Skip to main content

Syncing in SyftBox

Overview

To move file changes from one datasite to another, SyftBox uses a syncing component that forwards file changes from one datasite to a caching server, and downloads them to another datasite from the caching server. These file changes are subject to permissions, which are checked on both the clients and server.

The main value of the syncing component is that it enables asynchronous collaboration. People can collaborate with each other even if they are not online at the same time, as the caching server stores and forwards changes between datasites.

Components & Flow

From a high level, the clients implement a producer and a consumer within the syncing component:

  1. The producer compares the hashes of local datasite files against the hashes of the files on the server, and if there is a difference, it pushes this change to the consumer.

  2. The consumer compares three hashes:

    • The hash of the local datasite file the last time it was synced
    • The current hash of the local datasite file
    • The current hash of the remote file on the server

Based on this information, the client determines:

  • The location of the change (local vs. remote)
  • The type of modification (create/delete/modify)

The consumer then takes action to sync the file.

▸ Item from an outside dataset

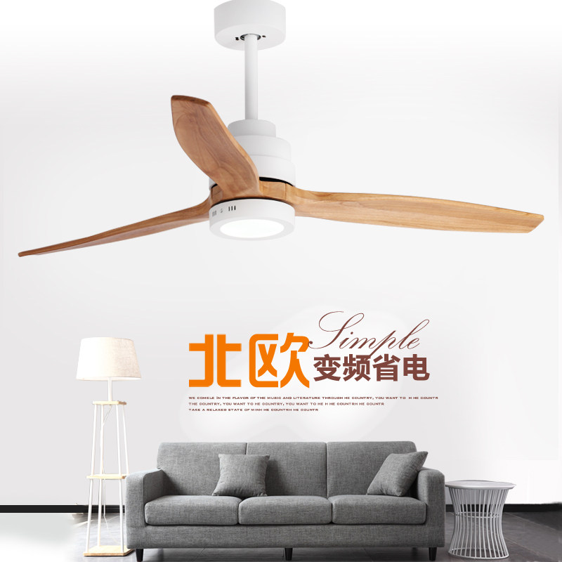 Living room dining room ceiling fan lamp frequency conversion solid wood ceiling fan lamp chandelier Nordic simple fashion chandelier Bedroom remote control white

Syncing may involve:

  • Downloading a file
  • Uploading a file
  • Requesting to apply a diff
  • Removing a local file
  • Requesting removal on the server

The logic on the server is very lightweight—it simply checks whether the user is allowed to make a change based on the permissions and applies it accordingly.

Initial Sync

When you start a new datasite, there might be a lot of files to sync. Therefore, the initial set of files is downloaded in batches, so that the datasite quickly become operational with all the necessary files from the cache server.

Monitoring Sync Status

The status of what is synced or not can be checked in a local dashboard available at:

http://localhost:<client_port>/sync

The client_port can be found in:

  • Your config.json file
  • At the top of the SyftBox client log when you start the client

This dashboard provides a real-time view of the syncing process, allowing you to monitor which files have been synchronized and which are pending.

Sync Scope and Exclusions

Sync Scope

Only files located under the Syftbox/datasites directory are considered for syncing. Any files or directories outside this path are not included in the synchronization process.

The _.syftignore File

SyftBox provides a way to exclude specific files from syncing using a _.syftignore file, which works similar to a .gitignore file in Git. This file lives under the Syftbox/datasites directory and allows you to specify patterns for files and directories that should be excluded from synchronization.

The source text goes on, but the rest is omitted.